Artificial Neural Networks (ANNs) are based around the backpropagation algorithm. The backpropagation algorithm allows you to perform gradient descent on a network of neurons. When we feed training data through an ANNs, we use the backpropagation algorithm to tell us how the weights should change.
ANNs are good at inference problems. Biological Neural Networks (BNNs) are good at inference too. ANNs are built out of neurons. BNNs are built out of neurons too. It makes intuitive sense that ANNs and BNNs might be running similar algorithms.
There is just one problem: BNNs are physically incapable of running the backpropagation algorithm.
We do not know quite enough about biology to say it is impossible for BNNs to run the backpropagation algorithm. However, "a consensus has emerged that the brain cannot directly implement backprop, since to do so would require biologically implausible connection rules"[1].
The backpropagation algorithm has three steps.
- Flow information forward through a network to compute a prediction.
- Compute an error by comparing the prediction to a target value.
- Flow the error backward through the network to update the weights.

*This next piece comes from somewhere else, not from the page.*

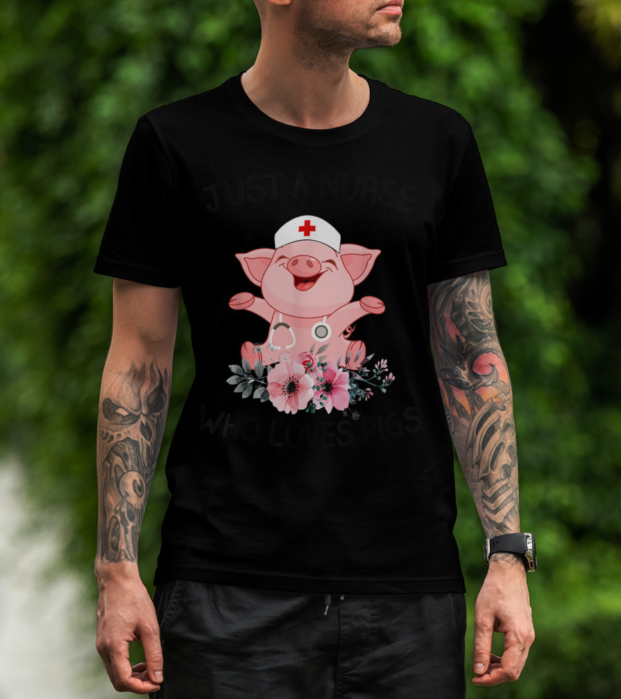 Just A Nurse Who Loves Pigs With Floral Pig And Nurse Cap T-Shirt

The backpropagation algorithm requires information to flow forward and backward along the network. But biological neurons are one-directional. An action potential goes from the cell body down the axon to the axon terminals to another cell's dendrites. An axon potential never travels backward from a cell's terminals to its body.
Hebbian theory
Predictive coding is the idea that BNNs generate a mental model of their environment and then transmit only the information that deviates from this model. Predictive coding considers error and surprise to be the same thing. Hebbian theory is specific mathematical formulation of predictive coding.
Predictive coding is biologically plausible. It operates locally. There are no separate prediction and training phases which must be synchronized. Most importantly, it lets you train a neural network without sending axon potentials backwards.
Predictive coding is easier to implement in hardware. It is locally-defined; it parallelizes better than backpropagation; it continues to function when you cut its substrate in half. (Corpus callosotomy is used to treat epilepsy.) Digital computers break when you cut them in half. Predictive coding is something evolution could plausibly invent.
Unification
The paper Predictive Coding Approximates Backprop Along Arbitrary Computation Graphs[1:1] "demonstrate[s] that predictive coding converges asymptotically (and in practice rapidly) to exact backprop gradients on arbitrary computation graphs using only local learning rules." The authors have unified predictive coding and backpropagation into a single theory of neural networks. Predictive coding and backpropagation are separate hardware implementations of what is ultimately the same algorithm.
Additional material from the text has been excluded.